Current approaches for electric power generation from nanoscale conducting or semiconducting layers in contact with moving aqueous droplets are promising as they show efficiencies of around 30%, yet they pose challenges regarding fabrication (multistep processes involving exfoliation, atomic layer deposition, and/or chemical vapor deposition) and scaling (the structures are feasible to prepare over cm2 areas but the energy conversion scales with surface area, so m2 areas are desirable). Indeed, there has been no single-step synthesis approach for preparing energy transducers that is also feasible for covering large (m2) areas until now. Moreover, use of aqueous droplets pose performance limitations due to drop size (surface tension of water) and drop speed (terminal velocity on earth).

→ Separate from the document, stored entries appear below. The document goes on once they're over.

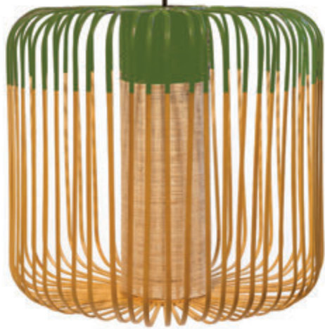
Suspension Bamboo Forestier chez Via Tortona
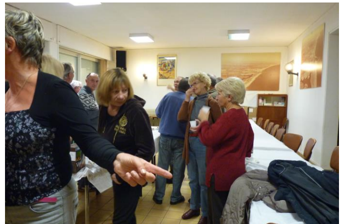
et les autres ?
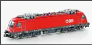
H2734 E-LOK RH 1216 TAURUS ÖBB, EP.VI H2734S MIT SOUND
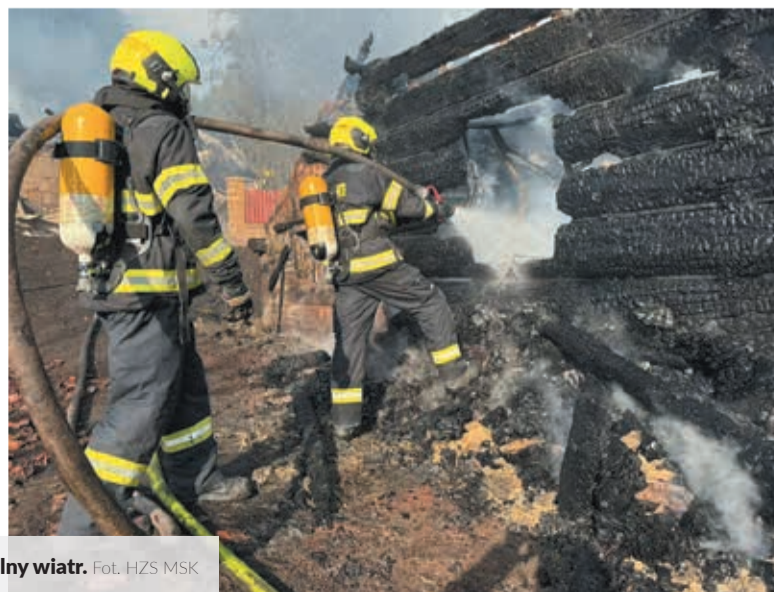
• Akcję gaśniczą w Bukowcu utrudniał silny wiatr.
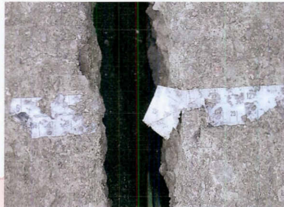
Testimoni 2 trencat
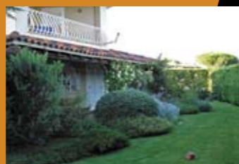
ВИЛЛА Цена: 520 000 евро

Абруццо, курортный пригород Пескары. Апартаменты в строящемся кондоминиуме. Площадь квартиры — 122 м 2 , 2 этажа. Комнаты: гостиная с кухней, 2 спальни; 2 санузла, терраса. Расстояние до моря — 200 метров. Расстояние до горнолыжного курорта — 55 км. Расстояние до термальных источников 55 км.
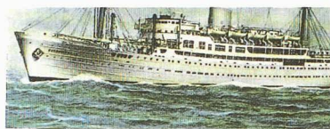
PAKETBOOT "BAUDOUINVILLE" der COMPAGNIE MARITIME BELGE, ausgerüstet mit 4 elektrischen SCHINDLER-AUFZÜGEN mit Metall-Kabinen und Schächtförmern. Ansicht vom Passager-Aufzug auf Brücke

En effet, ces nouvelles unités ont été conçues spécifiquement pour cette branche particulière du tourisme mondial qu'est la croisière. Jadis réservée à une élite fortunée, cette dernière est dorénavant accessible à de larges couches de population des pays industrialisés. Elle conserve certes son image de luxe, mais si l'on définit le luxe comme un privilège réservé à des happy few , on ne peut plus le considérer aujourd'hui de la même manière. Quand 2000 ou 3000 passagers se partagent la même classe d'un navire une quinzaine durant, comment parler d'exclusivité ?
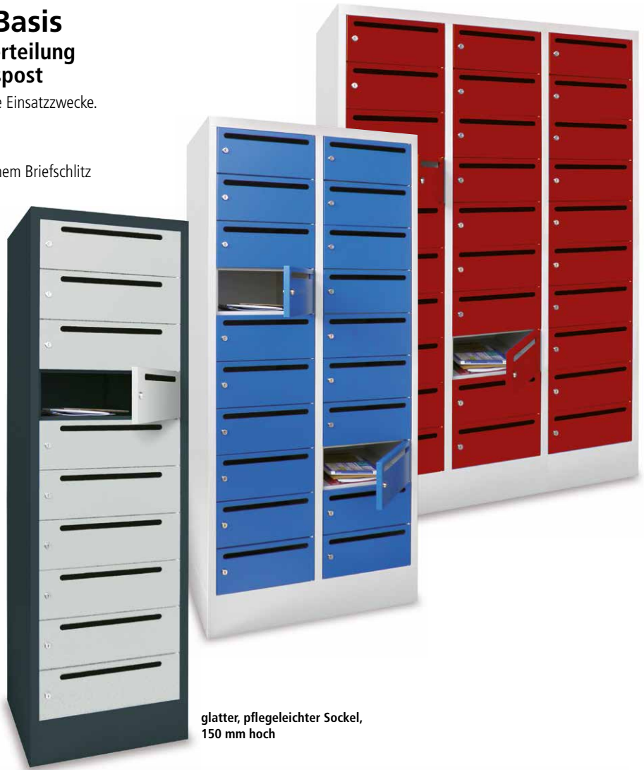
glatter, pflegeleichter Sockel, 150 mm hoch
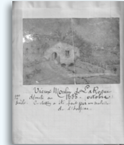
Vieux Moulin de La Roque, dessin d'un malade de l'Hospice.
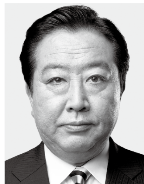
立憲民主党 代表 野田佳彦

7 共生社会 多様性を認め合える当たり前の社会 ●選択的夫婦別姓制度を実現 ●ジェンダー平等を着実に推進
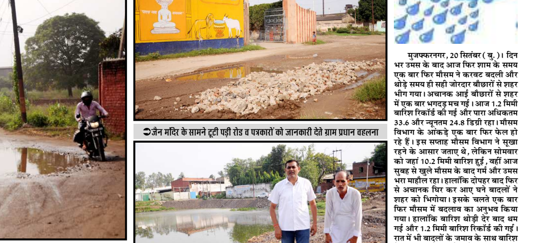
जैन मंदिर के सामने टूटी पड़ी रोड व पत्रकारों को जानकारी देते ग्राम प्रधान वहलना

यह सड़क लोक निर्माण विभाग के अनगर हो गई। ग्राम प्रधान के पास इस सड़क के बनाने का कोई बजट नहीं है। वह खुद पीड़ितों की मदद करने के लिए लिख चुके हैं। उन्होंने बताया कि सड़क पूरी तरह टूटी है और हर तरफ गड्ढों की भरमार है। जैसे जैसे उन्होंने पागे को निकारने के लिए नाला तो बनवा दिया है, लेकिन सड़क उनके बूटों से बचना भी नहीं है। जैन मंदिर के लोग भी इस सड़क के निर्माण के लिए प्रयासरत हैं। प्रधान ने बताया कि 2 अक्टूबर को मेले में लाखों श्रद्धालु यहां पहुंचेंगे, ऐसे में प्रशासन और लोक निर्माण विभाग को कम से कम गड्ढों को तो भर देना चाहिए, ताकि जलभराव की समस्या से मुक्ति मिल सके। उत्तर जैन मंदिर के पदाधिकारियों का कहना है कि वह तो अहिंसा के पुजारी हैं, इस कारण कोई भी उनकी बात सुनने को तैयार नहीं है। पश्चिमी उत्तर प्रदेश के इस बड़े जैन तीर्थ के विकास को लेकर सरकार और जनप्रतिनिधि दोनों ही उदासीन हैं।
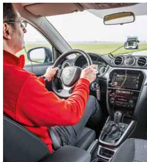
Pětistupňové převodovky nezatrácujeme. Umožňují trvalou jízdu mimo město bez řazení, což je mnohým motoristům příjemné. Měření potvrdilo slušnou pružnost.

Bohužel ve vyšších rychlostech nedokázal motor ve spojení s pětistupňovou převodovkou agilněji přemáhat odpory karoserie. Na 160 km/h už to trvalo 33,4 s, což je až páté místo. Ve vztahu ke konkurentům to znamená známku 3.
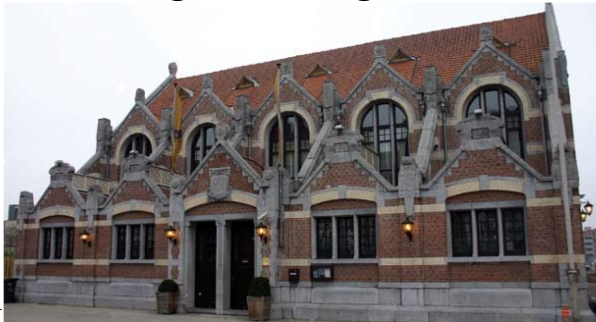
De Schuilplaats voor Werklieden te Antwerpen, op www.flickr.com geplaatst door erf-goed.be.

Erfgoed.be verzamelt foto's van beschermde monumenten, landschappen en dorpsgezichten op een interactieve kaart van Vlaanderen. Een klik op de kaart opent de foto met extra metadata. De bezoekers kunnen zelf een bijdrage leveren door foto's en metadata op te sturen, waarna een medewerker ze aan de kaart toevoegt. 'Tegenwoordig gebruikt de erfgoedconsument, net als iedereen, zoekmachines om informatie te vinden', aldus Vereen-

This project overcomes two key challenges: the first is to prepare and evaluate, at reasonable speed, a number of single- and dual-element all-inorganic nanoarchitectures synthesized in a single step over large areas to pursue an exploratory investigation into the principles and limits of operation involving energy conversion from flowing salinity gradients over nanoscale metal layers. The second is to pursue experiments and computer simulations aimed at elucidating the dynamics and the mechanism of operation so as to further extend the limits of operation and performance inside continuous liquid flow cells.
StatusFinished
Effective start/end date6/7/196/6/21

Funding

  • Army Research Office (W911NF1910361)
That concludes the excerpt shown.